Which means the interesting part of any line of code isn’t the line itself. It’s the path that led there. The moment someone said “we can’t do it that way because of X,” or “we tried that last year and it blew up,” or “this only works if we assume Y.”
That’s the thing we’ve been throwing away.
Editing Compiled Binaries
If the conversation is the source and the code is the compiled output, what does it mean to manually edit the code?
You’re editing compiled binaries.
You’re bypassing the process that produced the artifact. You’re breaking the provenance chain. The code no longer traces back to a decision record—it traces back to a person’s fingers on a keyboard, with whatever reasoning they had in their head at the time.
That reasoning will be gone.
And if the conversation is gone, you’re left trying to reverse-engineer intent from what is basically obfuscated output.
Manual edits aren’t always wrong. Sometimes you need to patch a binary.

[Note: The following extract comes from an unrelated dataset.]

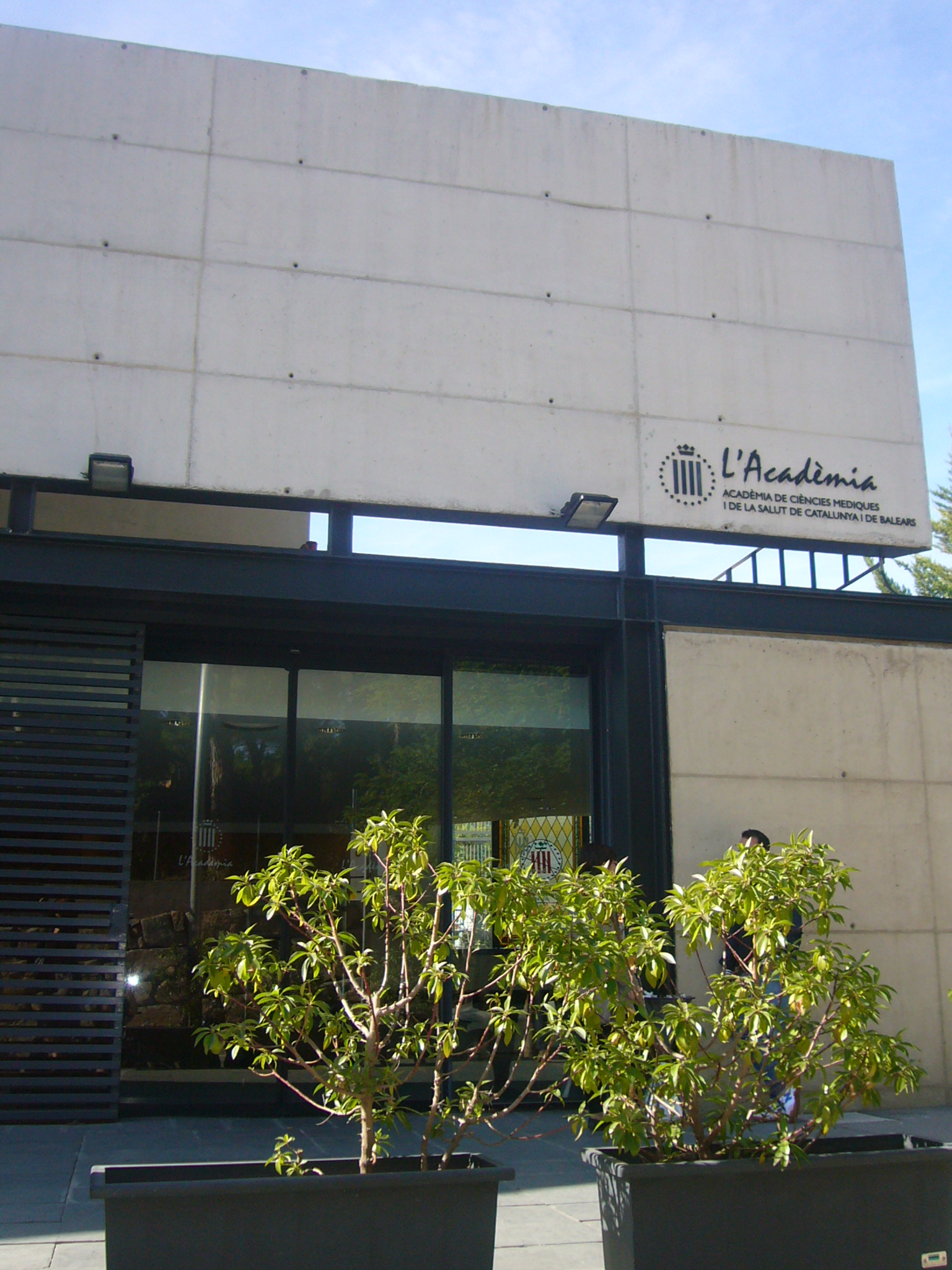 Acadèmia de Ciències Mèdiques de Catalunya i Balears, entrada

But you should recognize them for what they are:
An escape hatch, not a methodology.
In a system built on conversation-driven development, every manual edit introduces a new kind of debt:
something like provenance debt — code that just… appeared, with no way to ask why it’s there
The Constraint
If the conversation is the source and the code is just the output, then there’s an obvious question:
Why are humans allowed to edit the output at all?
If you care about provenance—about being able to trace every line of code back to a decision—then manual edits are a problem. They break the chain. They introduce code that has no record, no explanation, no origin you can inspect.
So you end up in an uncomfortable place:
You don’t just prefer that agents write the code.
You require it.
Not because agents are better programmers.
But because they are the only way to guarantee that every change passes through a process that can be captured, inspected, and replayed.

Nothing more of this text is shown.